All right. I’ve taken on an extra project at work over the last year. It’s cross-sectional, which means I’m kind of repping our department. It’s also been a lot more work than advertised. And my role is one that involves a lot of output at crunch times, with a lot of input from other players. Dealing with that has driven something home for me in terms of how I’m dealing with others. Thinking about how I’m remembered after the fact.
So the recurring situation has been Stuff Happens, and then it all kind of tumbles down to fast required actions to make sense of it on my end. Which has been making me… testy. I don’t mind self-directed work. Or teamwork. Or taking ownership for my mistakes. But it’s been a LOT of compensating for structural deficiencies and dropped balls for the last week. Which is in turn affecting my actual work.
So I’m striving to always remember when dealing with this stuff that how I deal with the stuff is how I’m remembered.
People might remember what I did. But who I was is how I’m remembered.

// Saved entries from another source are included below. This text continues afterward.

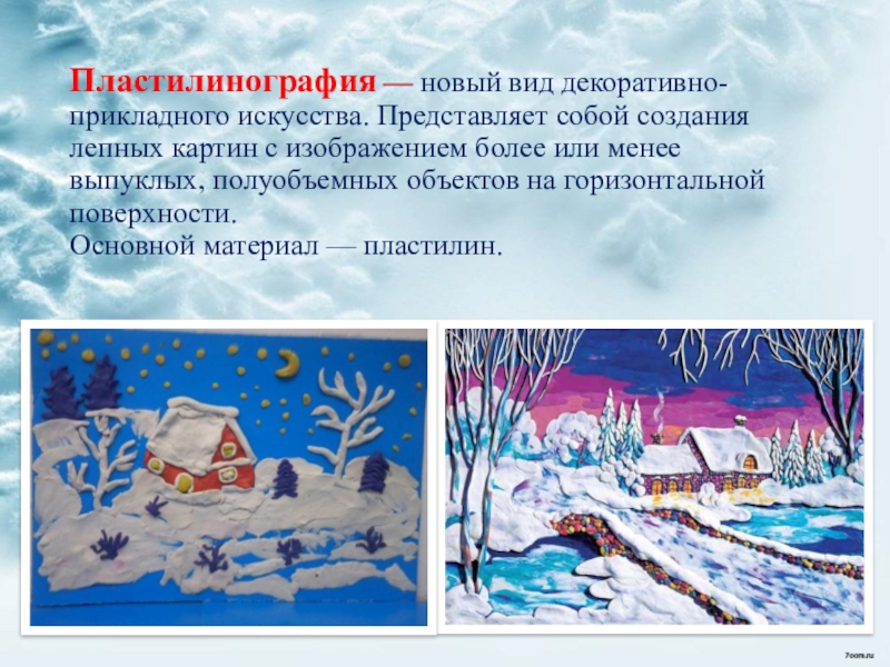 Слайд 6Пластилинография — новый вид декоративно-прикладного искусства. Представляет собой создания лепных картин с изображением
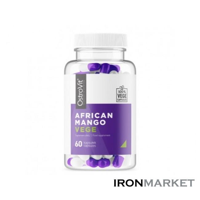 Харчова добавка OstroVit - African Mango Vege містить екстракт насіння африканського манго (Irvingia gabonensis L.), сприяє підтримці процесу ліполізу, тобто спалюванню жирів в нашому організмі, і надає зміцнювальний вплив на здоров'я, як таке зниження артеріального тиску і загального холестерину. Це також сприяє розщепленню тригліцеридів і біохімічних процесів, пов'язаних із зменшенням частки ліпопротеїнів низької щільності, яка є популярним "поганим холестерином" ЛПНЩ.
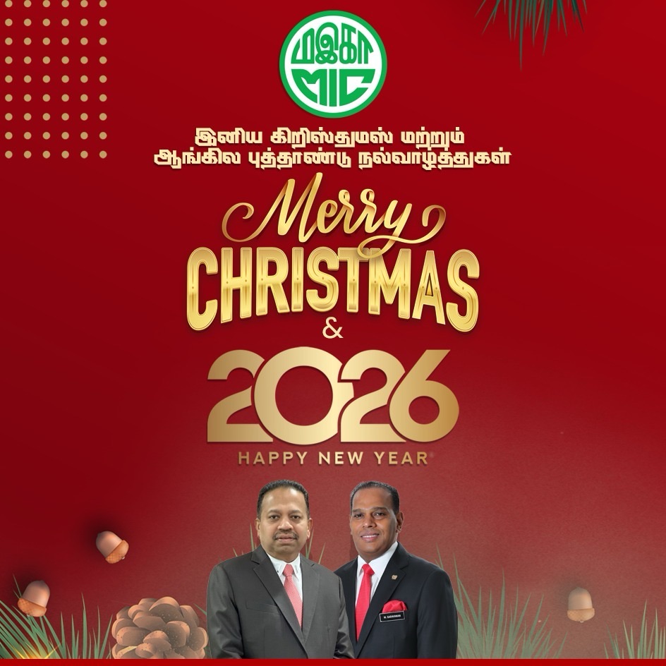 Mi-Voice • MIC News MERRY CHRISTMAS 2 hours ago1 Min Read Editor Share This! FacebookLinkedInXWhatsApp Warm Christmas greetings from the Malaysian Indian Congress (MIC).May joy fill your hearts this festive season, and may 2026 bring peace, progress and prosperity to all Malaysians. 🎄✨ இனிய கிறிஸ்துமஸ் மற்றும் ஆங்கில புத்தாண்டு நல்வாழ்த்துகள். You may also like Mi-Voice • MIC News 79th Malaysian Indian Congress (MIC) Annual General Meeting 1 month ago Mi-Voice • MIC News • MIC Putera • MIC Puteri • MIC Women • MIC Youth Selamat Bersidang 2 months ago Mi-Voice • MIC News 🌺 Selamat Menyambut Hari Malaysia | Happy Malaysia Day | மலேசியா தின வாழ்த்துகள் 🇲🇾 3 months ago About the authorView All Posts Editor Happy Birthday to YBhg Tan Sri SA Vigneswaran Share This! FacebookLinkedInXWhatsApp
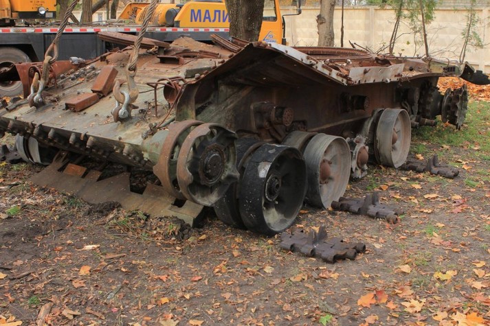 Прес-служба пише, що танк був підбитий близько року тому під час чергової спроби ворога атакувати українські позиції біля села Березове Донецької області. Донедавна танк залишався за 200 метрів від зони ведення вогню противником. Евакуювати «експонат» без ризику для життя наші військові змогли тільки зараз.

It’s nuts, but it’s true. Relationships stick more than facts, most of the time. When I think back to past jobs, I don’t remember a lot of the specifics of the work, but I remember what it was like to work with people. I know who I’d trust and who I’d hire based on those feelings.
Obviously, the work matters. But how I’m remembered as more to do with how I roll with the punches and get stuff done, than the details of the stuff.
This has also been absolutely pants on the sobriety front. Big days for this project have been the closest I’ve gotten since January on the “I want a DRINK” front. Not enough to tip me over, but it’s been interesting to see that the hankering is still there, waiting for stress to trigger it.
Good thing I have stress eating to see me through! Ha ha ha sob.